3.5. Bioassay of Xanthine Oxidase Inhibitory Activity

The enzyme xanthine oxidase catalyses the oxidation of xanthine to uric acid. Inhibition of xanthine oxidase results in a decreased production of uric acid. The uric acid production was measured according to the increasing absorbance at 290 nm. Test solutions were prepared by adding xanthine (final concentrations 50 μM), hydroxylamine (final concentration 0.2 mM), EDTA (final concentration 0.1 mM), and flavonol glycosides in four concentrations (2.5, 5.0, 10.0, 20.0 μM).
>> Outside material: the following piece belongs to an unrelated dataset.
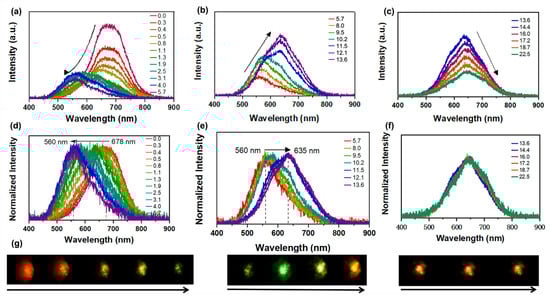 The pressure-dependent PL spectra of Sn(II)-doped Cs2ZnCl4 crystals were measured using in situ PL spectroscopy during both compression and decompression processes. The Sn(II)-doped Cs2ZnCl4 crystals exhibit broad emission, associated with the inorganic lattice’s local distortion, which was detected at ambient conditions in Figure 2a. The single PL peak centered at ca. 678.0 nm, with a full width at half-maximum (FWHM) of ca.120.0 nm, was observed at ambient conditions. This PL peak could be attributed to the STE emission of the disphenoidal [SnCl4]2− units in the host matrix. For certain ions with ns2 outer electronic configuration (Sn2+ with 5s2), the singlet electronic ground state was denoted as 1S0 and the nsnp excited state was split into singlet 1P and triplet 3P states [12]. The triplet 3P state further splits into three non-degenerate states denoted as 3Pn (n = 0, 1, 2) [32]. The transition rule indicates that the 1P1 to 1S0 transition is allowed and the 3P1 to 1S0 transition is partially allowed due to the spin–orbit coupling of heavy atoms. However, 3P2 to 1S0 and 3P0 to 1S0 are forbidden transitions. Under UV radiation, the emission of Sn(II)-doped Cs2ZnCl4 is centered at approximately 678 nm, which is consistent with the previously reported results [11]. With the increase in pressure, the STE emission experienced an unambiguous pressure-sensitive evolution. The PL intensity decreases significantly, and the PL peak blue-shifts from 678 nm to 560 nm at 1.9 GPa (Figure 2a–c). The increase in PL intensity observed at 5.7 GPa is attributed to an increase in the concentration of self-trapped excitons (STEs), resulting from lattice compression. When the pressure was increased to 8.0 GPa, the PL intensity continued to rise, accompanied by a red shift from 560 nm to 635 nm, originating from a pressure-induced isostructural phase transition occurring at approximately 8.0 GPa. When the pressure reaches 11.5 GPa, the original emission at λ = 678 nm gradually disappears. After that, the PL intensity decreases again, while the peak position remains almost unchanged. As shown in Figure 2d,e, the normalized spectra revealed the shift in peak positions during the pressure variation process. When the pressure was increased to 22.6 GPa (Figure 2f), the PL peak position remains virtually unchanged, accompanied by a gradual decrease in fluorescence intensity. In addition, the fluorescent micrographs of Sn(II)-doped Cs2ZnCl4 clearly demonstrated the PL brightness changes with increasing pressure. Upon completely releasing pressure to the ambient conditions, a pressure-driven PL peak reversibility of Sn(II)-doped Cs2ZnCl4 was identified (Figure S2). While the PL intensity shows a slightly smaller value than the initial state, which should be related to the incomplete recrystallization process.

The reaction was started by adding 0.2 mL of xanthine oxidase (6.25 mU/mL) in a phosphate buffer solution (pH = 7.50, 200 mM). The mixture (total 1 mL) was incubated for 30 min at 37 °C. Prior to the measurement of uric acid prodution, the reaction was stopped by adding 0.1 mL of HCl (0.58 M) [7]. Allopurinol (2.5, 5.0, 10.0, 20.0 μM), a known xanthine oxidase inhibitor, was used as a positive control. The IC₅₀ values were calculated by the mean data values from three determinations.

4. Conclusions

The chemical investigation of P. sibirica L. var megalopha Fr. lead to the isolation of two new polygalin H (1) and polygalin I (2), as well as one known compound, polygalin D (3). The bioassay in vitro indicated that polygalin D had a high inhibitory activity against xanthine oxidase with an IC₅₀ of 16.00 μM. Moreover, those two new flavonol glycosides with rare hydroxymethyl function at C-6 in the skeleton of flavonoids showed stronger inhibitory activities against xanthine oxidase, with an IC₅₀ of 9.48 μM for 1 and 8.31 μM for 2, which deserved to be further studied.